While killings by police have sparked outrage and inspired street protests, many groups have also developed policy proposals designed to overhaul the current police accountability and disciplinary framework in Chicago. Below we outline the major features of one proposed ordinance that has received a great deal of support from community groups that have also been engaged in protest. The Chicago Alliance Against Racist and Political Repression (CAARPR) has drafted a proposed ordinance creating a Civilian Police Accountability Council (CPAC). The CPAC ordinance would create a council comprised of elected community members from each police district, emphasizing racially equitable and proportional representation. The CPAC would entirely replace IPRA, and would have the power to:

  • Appoint the Superintendent of Police;
  • Develop guidelines and standard operating procedures for police;
  • Investigate all police shootings and allegations police misconduct or violations of state, municipal, federal, constitutional or human rights law;
  • Make final decisions regarding officer discipline;
  • Refer cases to the U.S. Federal Grand Jury and the U.S. Attorney in order to seek indictments against police officers.
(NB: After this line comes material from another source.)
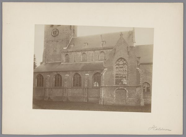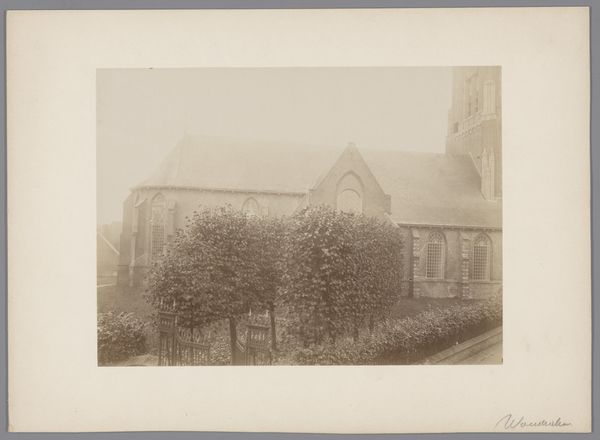 Editor: Here we have an image from 1902, titled 'Noordzijde van de Dorpskerk te Poortugaal', showing the north side of a village church in Poortugaal. It's a monochromatic photograph. I'm struck by how much the photograph itself communicates a sense of age, and of a solemn past. What historical context might be relevant to understanding this image? Curator: That's a perceptive observation. Consider that images of religious buildings, even relatively straightforward ones like this, serve as affirmations of community identity and continuity. A photograph taken in 1902 captures the building at a time of shifting social structures and anxieties. Photography at this time became an important tool for historical documentation and national self-representation. Who was the image intended for, and how would they use it? These are essential questions. Editor: So, you are suggesting that in addition to its artistic qualities, we should see it as a deliberate form of record-keeping or perhaps even propaganda? Curator: Precisely. The image could function as a form of cultural preservation, emphasizing a particular idealized vision of rural Dutch life, reinforcing religious or local traditions, at a time of rapid urbanization and secularization. I'm also wondering if the photograph was taken for the Dutch national agency for the care of monuments that started taking photographs to document national heritage. Think of how these images circulate, and who has access to them. Editor: It is fascinating how this relatively simple photograph opens up so many questions about society at the time! Now I'm wondering about the power dynamics at play in defining what gets preserved and how. Curator: Indeed! It invites us to reflect on who shapes the narrative of cultural heritage. Editor: Thank you. Thinking about who controls the image, and for what purpose, gives me so much to consider! Curator: My pleasure. Remember, art always exists within, and reflects, broader social forces.

The Community Renewal Society, a faith-based organizing group in Chicago has also proposed its own FAIR COPS ordinance (fact sheet available here). FAIR COPS would retain the overall structure and powers of IPRA, the Chicago Police Board, the Bureau of Internal Affairs, and the Mayor, but introduce another office of the Police Auditor to review all investigations and police procedures with a goal of ensuring fairness, transparency, and consistency. Specific powers regarding the firing of officers and investigation of citizen complains would not be in the hands of the Police Auditor, but the body would have access to data and records from the police department, as well as subpoena power.